Work task:
Return the listing verbatim, images left out.

Source material:

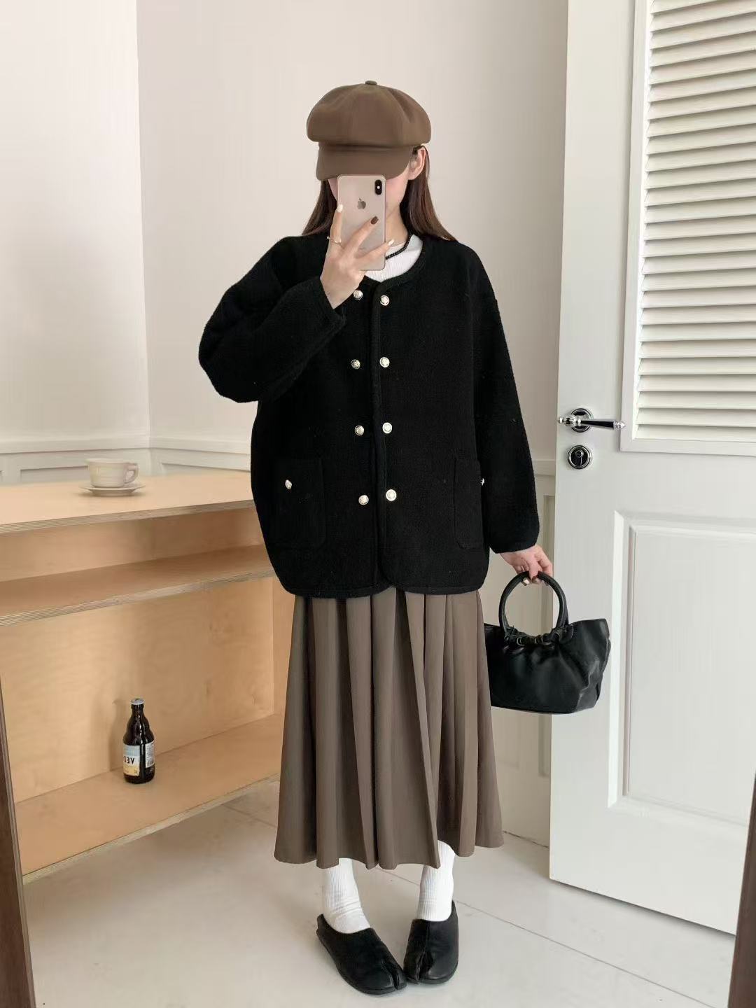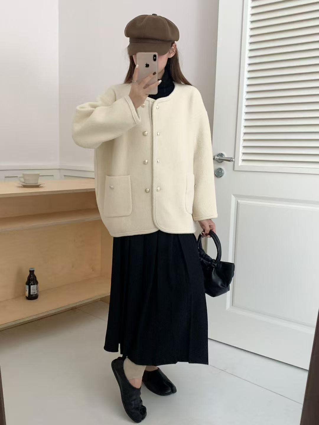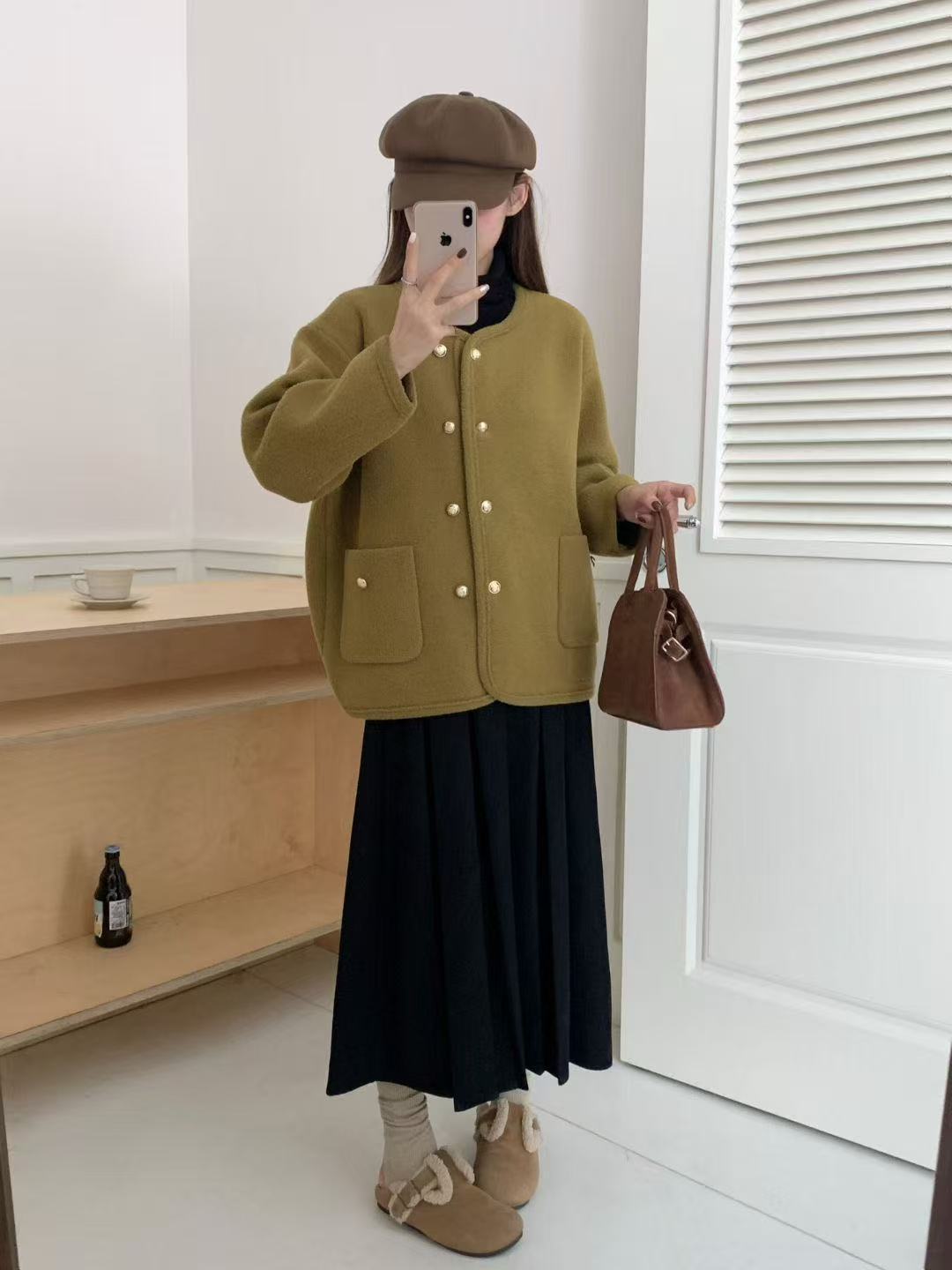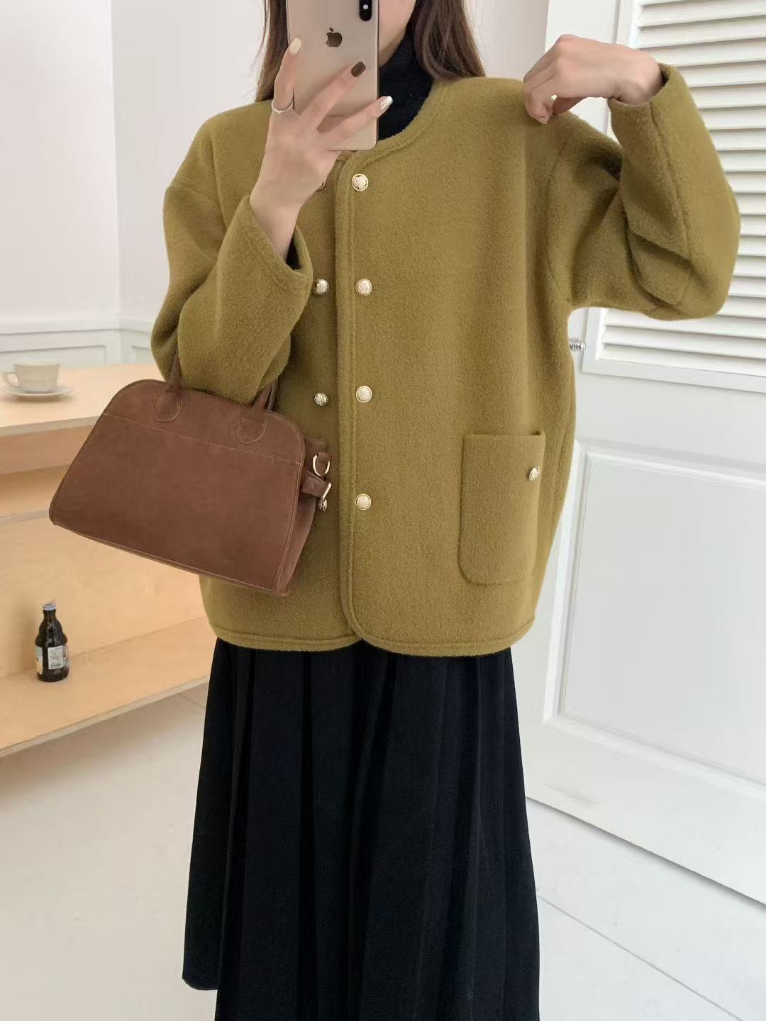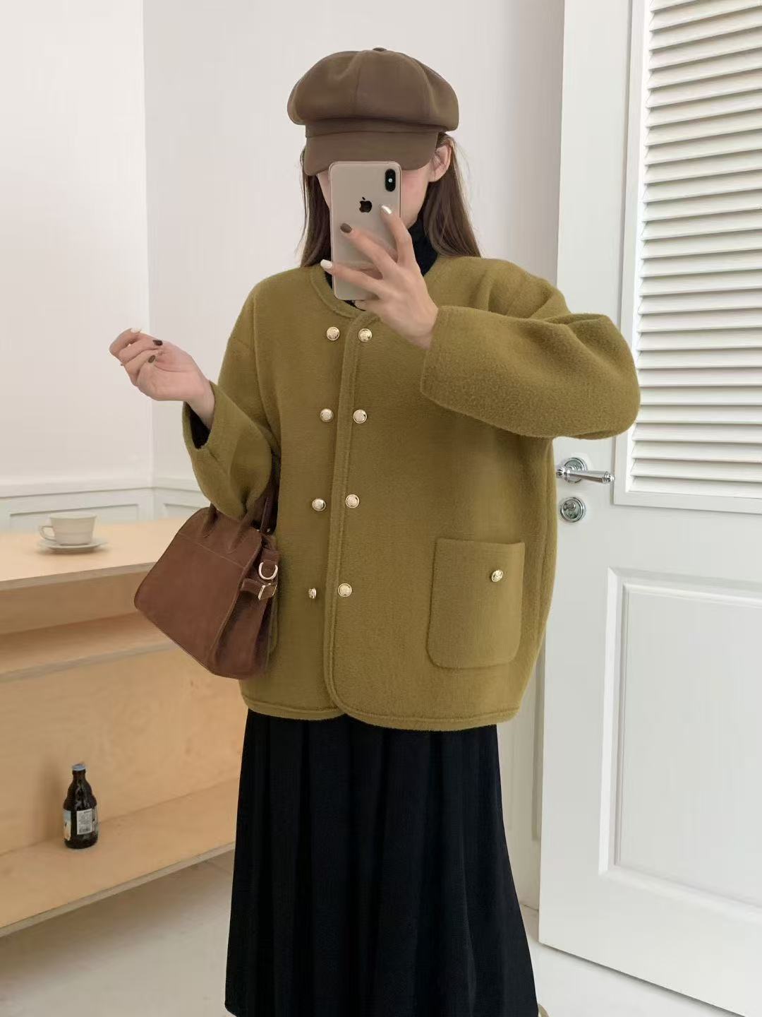 Cárdigan de punto estilo Chanel de temperamento suave coreano para mujer, nuevo otoño e invierno, holgado, perezoso, imitación de doble cara, abrigo de lana, top
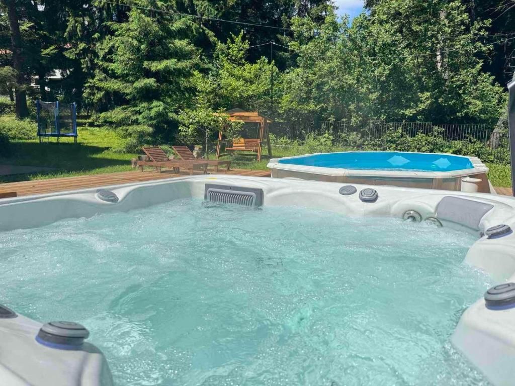 Пред вилата има голяма веранда с целогодишно работещо джакузи и външен отопляем басейн работещ от май до октомври, поддържащ постоянна температура 29-31 градуса. Около басейна е изградена площадка от естествен дървен декинг, дървени щезлонги и фотьойли. За нашите най-малки гости имаме отделен детски басейн.
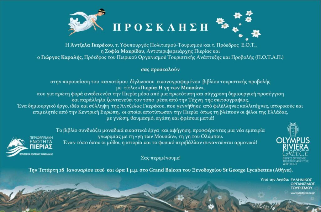 Την Τετάρτη 28 Ιανουαρίου 2026, στο «Grand Balcon» του ξενοδοχείου «St. George Lycabettus», θα πραγματοποιηθεί η επίσημη παρουσίαση του δίγλωσσου εικονογραφημένου βιβλίου «Πιερία, Η Γη των Μουσών».

Task response:
 Cárdigan de punto estilo Chanel de temperamento suave coreano para mujer, nuevo otoño e invierno, holgado, perezoso, imitación de doble cara, abrigo de lana, top
 Пред вилата има голяма веранда с целогодишно работещо джакузи и външен отопляем басейн работещ от май до октомври, поддържащ постоянна температура 29-31 градуса. Около басейна е изградена площадка от естествен дървен декинг, дървени щезлонги и фотьойли. За нашите най-малки гости имаме отделен детски басейн.
 Την Τετάρτη 28 Ιανουαρίου 2026, στο «Grand Balcon» του ξενοδοχείου «St. George Lycabettus», θα πραγματοποιηθεί η επίσημη παρουσίαση του δίγλωσσου εικονογραφημένου βιβλίου «Πιερία, Η Γη των Μουσών».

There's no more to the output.